Published September 10, 2018 | Version v1
Journal article Open

Ice algal bloom development on the surface of the Greenland Ice Sheet

  • 1. Bristol Glaciology Centre, University of Bristol,12 Berkely Square, Bristol, BS8 1SS, UK, 2School of Biological Sciences, University of Bristol, 24 Tyndall Avenue, Bristol, BS8 1TQ, UK
  • 2. Bristol Glaciology Centre, University of Bristol,12 Berkely Square, Bristol, BS8 1SS, UK
  • 3. Department of Geography, The University of Sheffield, Sheffield, S10 2TN, UK
  • 4. School of Earth and Ocean Sciences, Cardiff University, Main Building, Park Place, Cardiff, CF10 3AT, UK
  • 5. School of Biological Sciences, University of Bristol, 24 Tyndall Avenue, Bristol, BS8 1TQ, UK

Description

It is fundamental to understand the development of Zygnematophycean (Streptophyte) micro-algal blooms within Greenland Ice Sheet (GrIS) supraglacial environments, given their potential to significantly impact both physical (melt) and chemical (carbon and nutrient cycling) surface characteristics.
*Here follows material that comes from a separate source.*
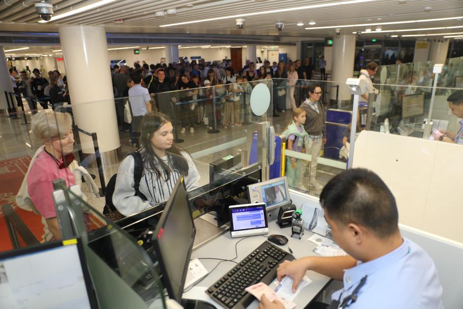 随着首架悉尼航班的落地,来自莫斯科、首尔、吉达、吉隆坡、雅加达的五个航班也相继抵达,短时间内通关人数峰值超过上千人次。为应对客流高峰,美兰边检站加强与航空公司、口岸联检单位的沟通协调,科学部署勤务,全面开启人工查验通道和快捷通道,并强化现场分流引导,全力保障旅客顺畅通行。

Here, we report on a space-for-time assessment of a GrIS ice algal bloom, achieved by sampling an ∼85 km transect spanning the south-western GrIS bare ice zone during the 2016 ablation season. Cell abundances ranged from 0 to 1.6 × 104 cells ml−1, with algal biomass demonstrated to increase in surface ice with time since snow line retreat (R2 = 0.73, P < 0.05). A suite of light harvesting and photo-protective pigments were quantified across transects (chlorophylls, carotenoids and phenols) and shown to increase in concert with algal biomass. Ice algal communities drove net autotrophy of surface ice, with maximal rates of net production averaging
0.52 ± 0.04 mg C l−1 d−1, and a total accumulation of 1.306 Gg C (15.82 ± 8.14 kg C km−2) predicted for the 2016 ablation season across an 8.24 × 104 km2 region of the GrIS. By advancing our understanding of ice algal bloom development, this study marks an important step toward projecting bloom occurrence and impacts into the future.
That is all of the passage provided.